We can optimize this path with best transpositions to get it down to 10,877 by deterministic best mutations or when we randomize the choice of mutation among the best ones. It means that this point is quite attractive. Or worth if we completely randomize the mutation. We stop the process at this point.

Conclusion regarding TSP problem with genetic algorithm and best neighbour

We see that a genetic algorithm does not require a large population to perform. This seems in contradiction with a lot of litterature and it is counter-intuitive. We also observed that it is difficult to predict the effect of selection process. However, it is clear that the use of an optimized mutation is very useful in both cases even if the computational cost can not be neglected. It could be interesting to study other methods like different types of crossover or different types of mutations or introducing new individuals every so many generation.

As a remark, we can also note that the package jmetalpy is in many aspects not optimized and may even contain small mistakes. Hovever, the code is simple enough to be proofread.
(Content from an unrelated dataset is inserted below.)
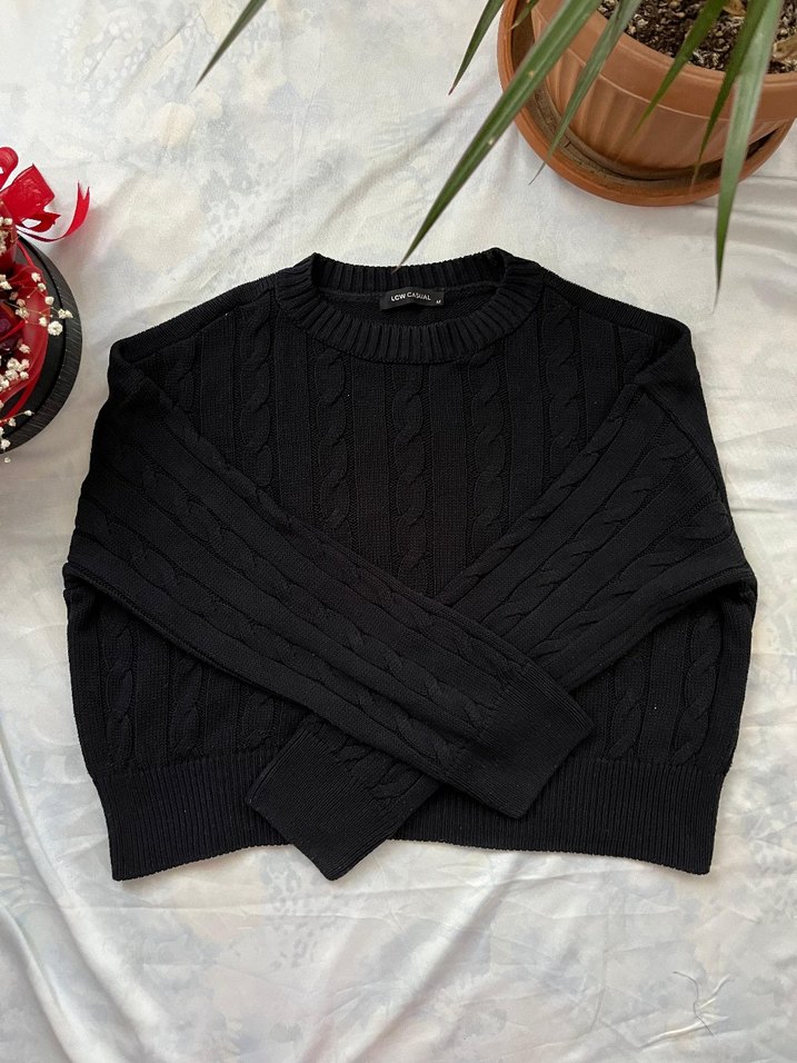 Siyah renkli, uzun kollu, yuvarlak yaka, örgü dokulu, bol kesim kadın kazak. Rahat ve goth tarzında, günlük kullanım için uygundur.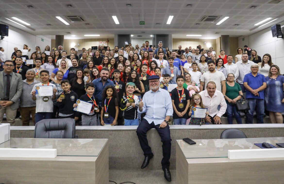 Criada há mais de 20 anos, a Medalha Mérito Esportivo chega à edição de 2023 com um número recorde de homenageados: 135 atletas de Novo Hamburgo ou inscritos em agremiações esportivas da cidade. No ano passado, o número tinha ultrapassado 120 esportistas. A entrega da distinção ocorreu na noite de quinta-feira, 30, com um Plenário lotado.

We also observed that the best neighbour algorithm is very efficient, especially if combined with a best transposition descent algorithm. Finding the best path from a given city is a computation of order n . Finding the best path among all cities is of order n therefore the algorithm is of order n^2 . Finding the best mutation for a given path should be of order n^2 (test each mutation among n ( n - 1 ) ) but with numpy optimized arrays, it is possible to reduce it to get a power of n between 1 and 2 . I don't know about the length of the descent but it should somehow grow with n too.

Optimize shifted sphere function in dimension d = 50 and d = 500

Description of the function : CEC2008_TechnicalReport.pdf
Data source : data.py
OPEN MAIN CODE : Function_sphere.py
OPEN UTILITIES : Functions_util.py

For reproducibility, results are presented with random.seed(2610) and rng = default_rng(1611) .

The bias is set to -450, the shift may vary within the hypercube centered on the origin with side length 200 .
This is a non-linear real continuous function. We can first use a gradient method with estimated gradient descent.

Gradient descent algorithm

Gradient descent with random data

We test our method 25 times with random values of the shifts to be sure that our result does not depend on the specificity of the given data. Indeed, this method is deterministic and it does not make sense to test it several times on the same initial value.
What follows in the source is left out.